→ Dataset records

________________________

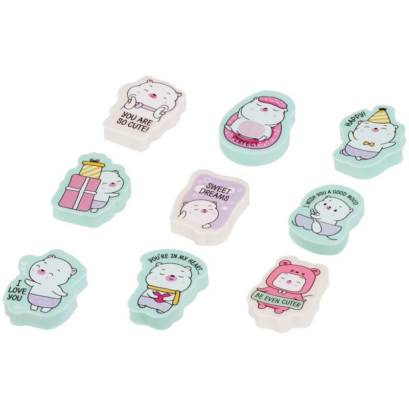 Ластики MESHU Cute – забавные помощники в школе, офисе и дома. Ластики фигурной формы выполнены из высококачественной термопластичной резины. Ассорти из 9-и весёлых дизайнов ластика белого цвета с рисунком милых котиков. Отлично стирают чернографитный карандаш. Ластики представлены в дисплей-боксе.
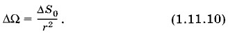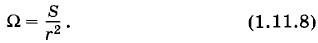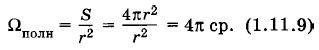 Нетрудно видеть, что значение телесного угла не зависит от радиуса сферы, так как площадь S вырезаемой им площадки пропорциональна квадрату радиуса. За единицу телесного угла принят стерадиан (ср) — это телесный угол с вершиной в центре сферы, вырезающий на поверхности сферы элемент, площадь которого равна квадрату радиуса сферы. Полный телесный угол, охватывающий все пространство вокруг точки, равен:
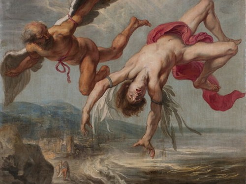 En la mitología griega Ícaro y su padre Dédalo deciden escapar de la isla de Creta. Enlazaron plumas entre sí, uniendo con hilo las plumas centrales y con cera las laterales, dándole al conjunto la suave curvatura de las alas de un pájaro. Conocido por todos su desenlace, Ícaro al volar muy cerca del sol ablandó la cera que mantenía unidas las plumas y estas se despegaron. Ícaro agitó sus brazos, pero no quedaban suficientes plumas para sostenerlo en el aire y cayó al mar.
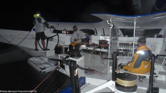 En attendant, au-delà de la perspective d'aller se frotter aux éléments en ce qu'ils ont de plus authentiques, le Team Banque Populaire poursuit sa course contre le temps et contre le tableau de marche de Groupama 3 avec un succès certain. Avec plus de 300 milles d'avance sur cet adversaire, l'heure est plutôt à l'optimisme. À bord, c'est finalement avec une belle sérénité que l'on s'accommode de cette présence virtuelle et pourtant bien réelle. Loïck Peyron et ses comparses jouent certes la montre, mais se focalisent sur un long terme qui tient essentiellement au parfait état général du bateau... et à la météo : " On reçoit toutes les heures nos propres positions et celles de Franck Cammas et ses hommes il y a deux ans en référence. Visuellement, nous savons constamment où ils en étaient au même moment. Mais notre principale préoccupation est la fiabilité de notre machine ".
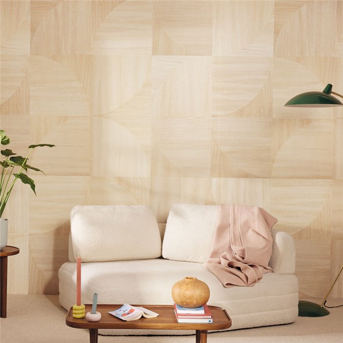 El mural de pared Caselio Bois D´Hiver tiene un patrón geométrico efecto madera inspirado en la marquetería, un perfecto trompe l'oeil para decorar interiores.
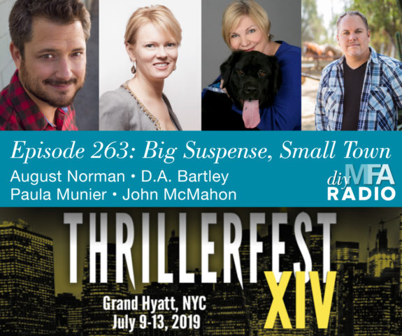 Hey there word nerds! Today is one of my absolute favorite episodes of the year because it’s our annual ThrillerFest Debut Authors panel and I am so delighted to have August Norman, D.A. Bartley, Paula Munier, and John McMahon on the show.
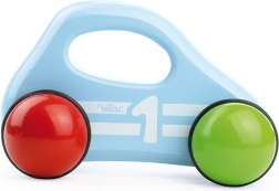 Stilski drveni autić VILAC u plavoj boji oduševit će male trkače i ljubitelje dizajna. Izrađen je od lakiranog drva, ima gumirana šarena kotača za tihi i glatki pokret te ergonomsku dršku za lako držanje. Odlično za razvoj fine motorike, sigurno od 12 mjeseci i zahvaljujući kvalitetnoj izradi ujedno i elegantna dekoracija. Proizvedeno u Francuskoj.
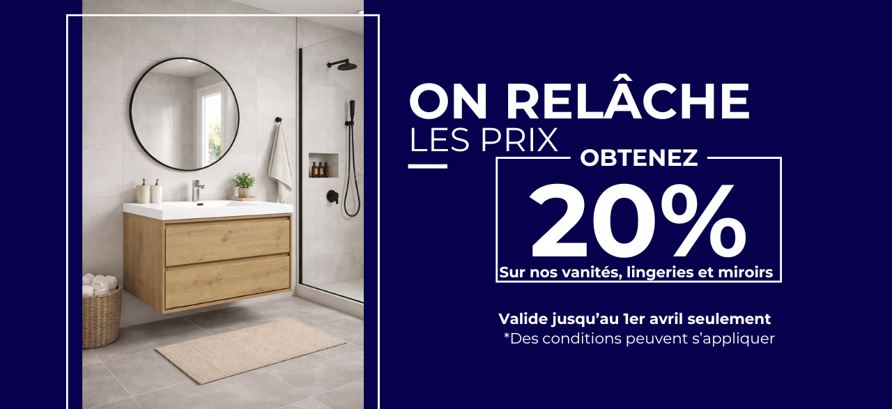 Venez stimuler votre imagination en visitant notre salle de montre de 6 000 pieds carrés à Laval. Pas moins de 30 salles de bain de tous les styles – moderne, classique, rustique, etc. – sont exposées en magasin. Plusieurs aménagements combinant meubles-lavabos, armoires, bains autoportants, bains-douches, colonnes de douche, robinets, ensembles et bases de douche, armoires à pharmacie, niches, toilettes , miroirs et autres accessoires sont proposés. Vous y trouverez certainement l’inspiration pour votre projet de rénovation !

________________________

→ AIM OF THE TASK
The first line of the entries, the line containing "Нетрудно видеть, что", and every line between them are to be output exactly; pictures are not.

→ ANSWER
 Ластики MESHU Cute – забавные помощники в школе, офисе и дома. Ластики фигурной формы выполнены из высококачественной термопластичной резины. Ассорти из 9-и весёлых дизайнов ластика белого цвета с рисунком милых котиков. Отлично стирают чернографитный карандаш. Ластики представлены в дисплей-боксе.
 Нетрудно видеть, что значение телесного угла не зависит от радиуса сферы, так как площадь S вырезаемой им площадки пропорциональна квадрату радиуса. За единицу телесного угла принят стерадиан (ср) — это телесный угол с вершиной в центре сферы, вырезающий на поверхности сферы элемент, площадь которого равна квадрату радиуса сферы. Полный телесный угол, охватывающий все пространство вокруг точки, равен:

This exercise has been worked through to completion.